# Task
Could you repeat every line below exactly, skipping the images?

# Information supplied
════════════════
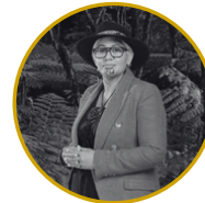
Takutai Tarsh Kemp Te Pati Māori Tāmaki Makaurau
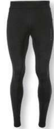
FUNCTIONALS TIGHTS ART. NO. 434005 - 8000
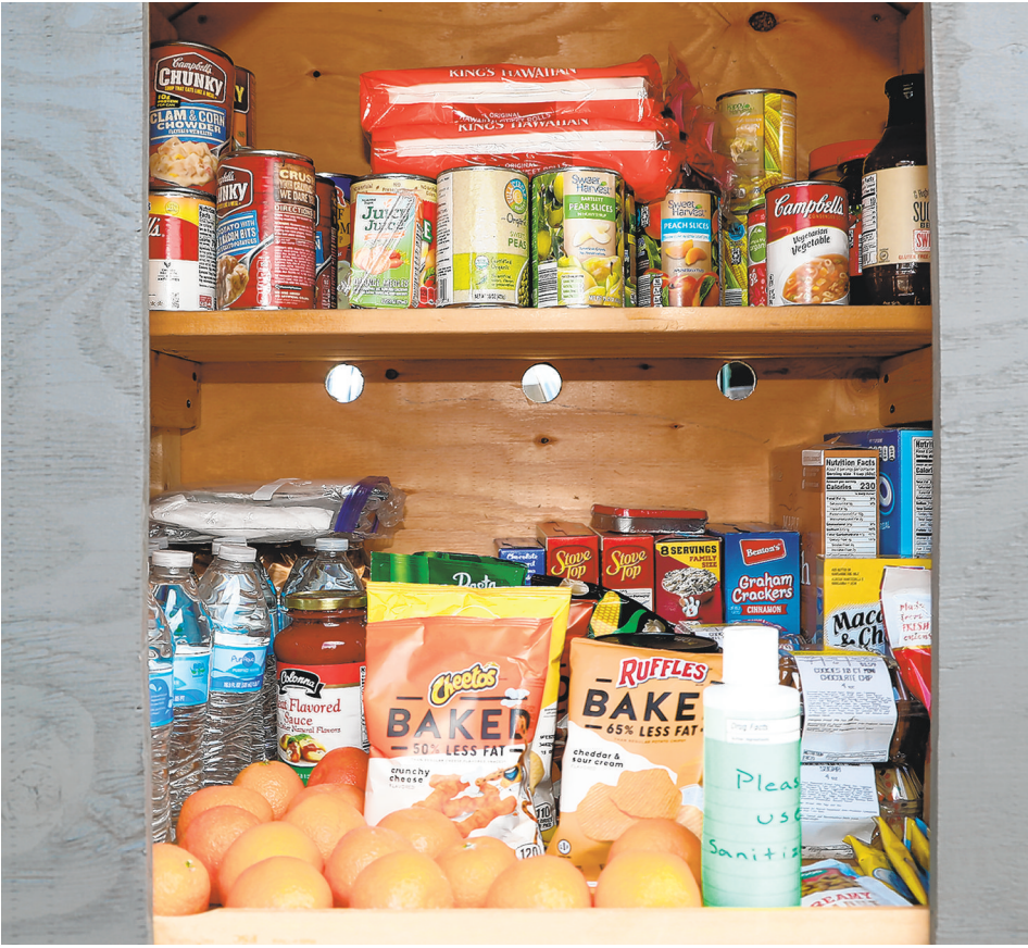
INSIDE OF a help-yourself food pantry created by Huntington Beach resident "Mac" Bishop.
════════════════
# Solution to this task
Takutai Tarsh Kemp Te Pati Māori Tāmaki Makaurau
FUNCTIONALS TIGHTS ART. NO. 434005 - 8000
INSIDE OF a help-yourself food pantry created by Huntington Beach resident "Mac" Bishop.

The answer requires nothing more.